Brad. What are your plans for timing belt and all that gets replaced at 100k? Just curious. You did a very nice job on your brakes.


----------



## BradHerr (Sep 29, 2013)

IndyDiesel said:


> Brad. What are your plans for timing belt and all that gets replaced at 100k? Just curious. You did a very nice job on your brakes.


I am doing the belt at 120k. I will pay the dealer to do it. They quoted me 2.5 hours. I'm going to replace the water pump, tensioner and idler as the same time. 

Thanks, I wasn't too worried about the looks, but I feel like it came out pretty good and I am glad I painted the calipers. 


Sent from AutoGuide.com Free App


----------



## IndyDiesel (May 24, 2015)

BradHerr said:


> I am doing the belt at 120k. I will pay the dealer to do it. They quoted me 2.5 hours. I'm going to replace the water pump, tensioner and idler as the same time.
> 
> Thanks, I wasn't too worried about the looks, but I feel like it came out pretty good and I am glad I painted the calipers.
> 
> ...


2.5 hours sounds reasonable for labor...


----------



## Cruz15 (Mar 17, 2016)

Congrats Brad!! Nice work on the brakes.
Cheers.


----------



## BradHerr (Sep 29, 2013)

Cruz15 said:


> Congrats Brad!! Nice work on the brakes.
> Cheers.


Thank you. Hopefully this will pay off in the future when it comes time to replace the brakes. 


Sent from AutoGuide.com Free App


----------



## Rivergoer (Mar 30, 2017)

Congrats on the milestone! When 120K rolls around, it might be a good idea to call the dealership ahead of time and make sure they have part number 55580776 (diesel timing belt) in stock or order one online. I had the misfortune of having to wait over 2 weeks for one when my water pump went out. 

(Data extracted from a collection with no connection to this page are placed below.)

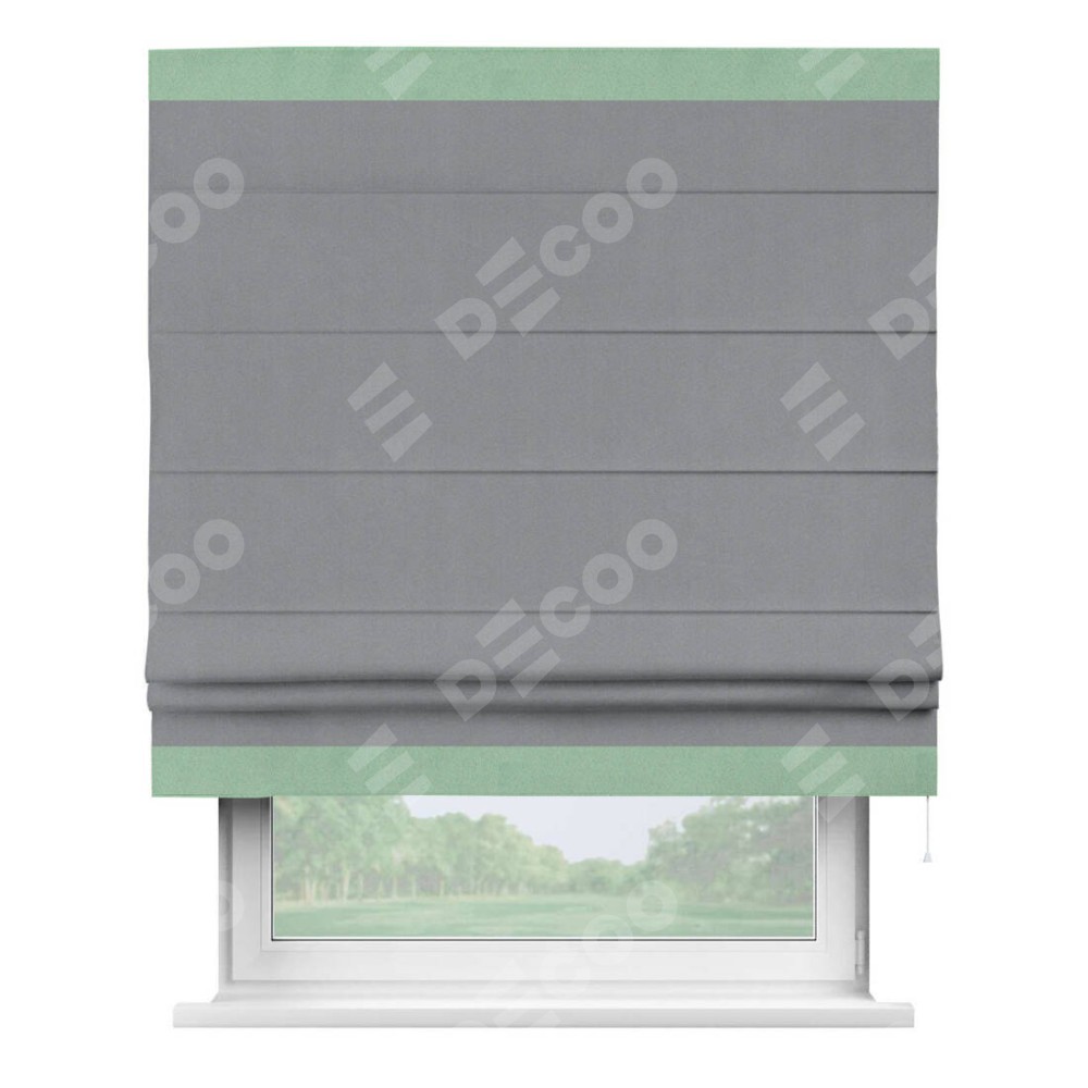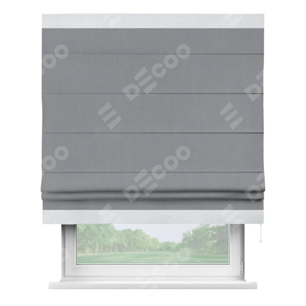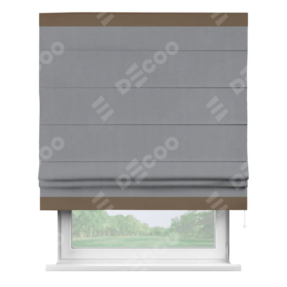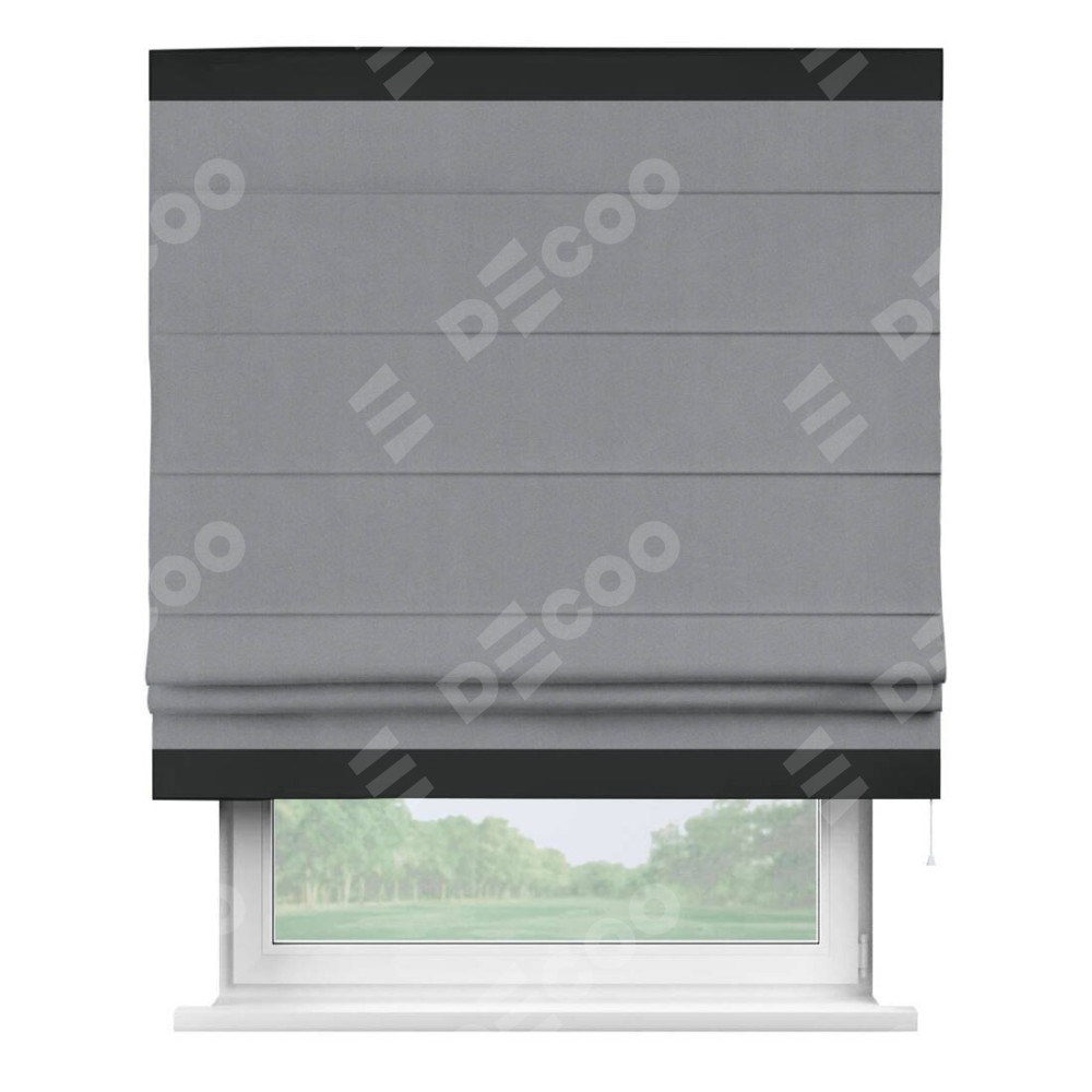 Римская штора «Кортин» для проема, блэкаут однотонный серый с кантом Горизонт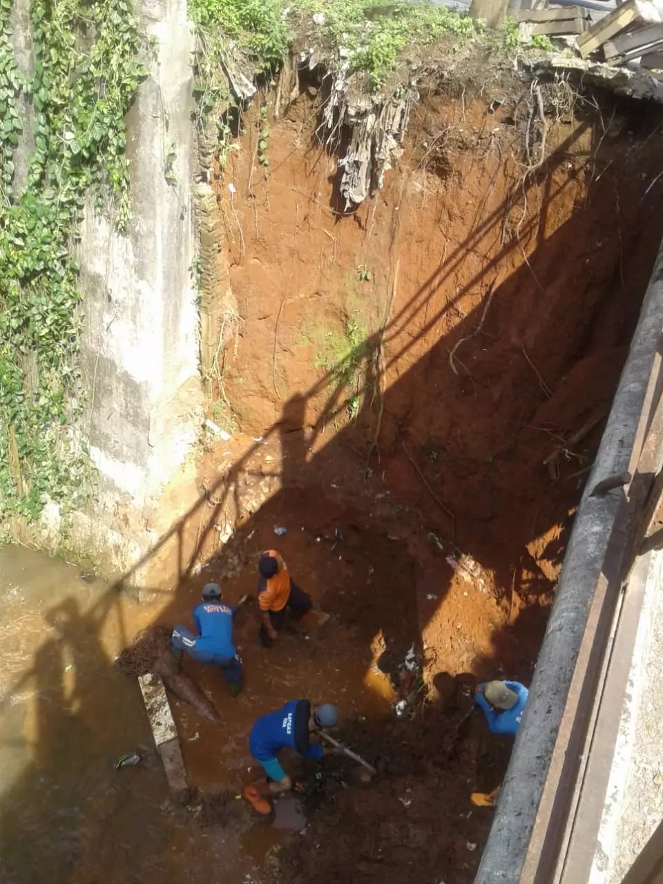 Saat ini penanganan dilakukan dengan pengangkatan material longsor dan akan dilanjut dengan pembuatan turap.
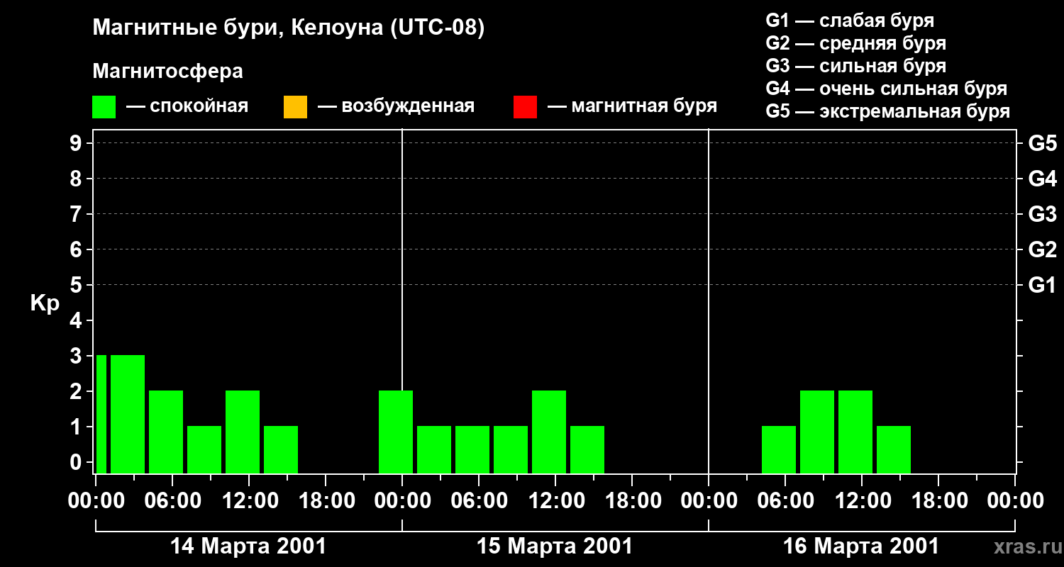 Магнитные бури в Келоуне — 16 марта 2001 года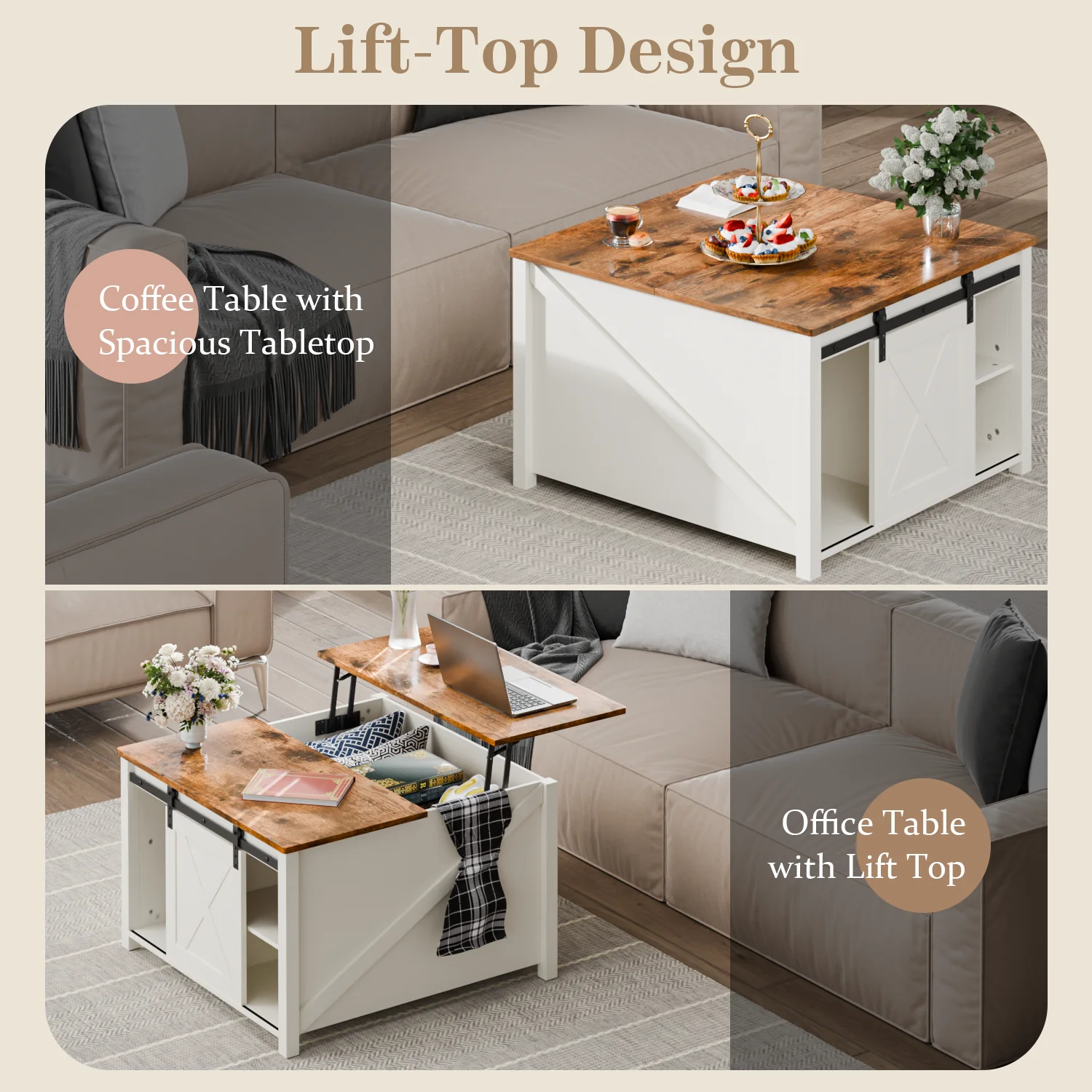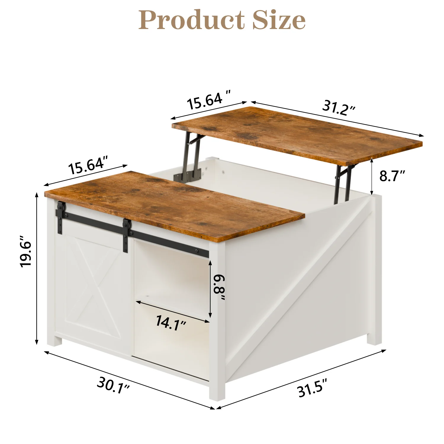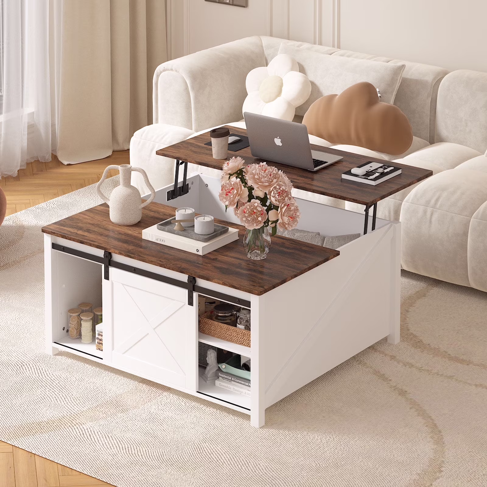 - ? ��Liftable Top Design��This coffee table features a high-quality lifting mechanism for smooth and safe lifting and lowering. The coffee table lift top can be lifted from 19.6 inches to 28.3 inches, allowing the table top to be raised or lowered effortlessly and noiselessly.Half of the table top can be lifted up and moved forward to create two multi-functional workspaces, allowing you and your family to use the table separately without interruption.The coffee table is designed with a high quality lifting mechanism that provides a smooth and safe lifting mechanism.

Cheers and happy next 200K!


----------



## BradHerr (Sep 29, 2013)

Rivergoer said:


> Congrats on the milestone! When 120K rolls around, it might be a good idea to call the dealership ahead of time and make sure they have part number 55580776 (diesel timing belt) in stock or order one online. I had the misfortune of having to wait over 2 weeks for one when my water pump went out.
> 
> Cheers and happy next 200K!


Thanks for the heads-up! I should probably go ahead and order the parts to have them ready. 


Sent from AutoGuide.com Free App


----------



## Sperry (Aug 3, 2013)

Had the same problem. Had to wait for parts but got a nice loaner out of it


----------



## BlueTopaz (Aug 25, 2012)

Nice!

I don't put the miles on like most but so far so good at 47k miles. 

I too, coast to a stop. It has made a nice improvement on my mpg. Love it. Hope my brakes last as well. So far every tire rotation the pads look great. I rotate every 6k miles.


----------



## BradHerr (Sep 29, 2013)

BlueTopaz said:


> Nice!
> 
> I don't put the miles on like most but so far so good at 47k miles.
> 
> I too, coast to a stop. It has made a nice improvement on my mpg. Love it. Hope my brakes last as well. So far every tire rotation the pads look great. I rotate every 6k miles.


I have my commute down, I know exactly where to let off and start coasting before each intersection. My drive starts at 4:15 am so there isn't much traffic to deal with or for them to have to deal with me. 



Sent from AutoGuide.com Free App


----------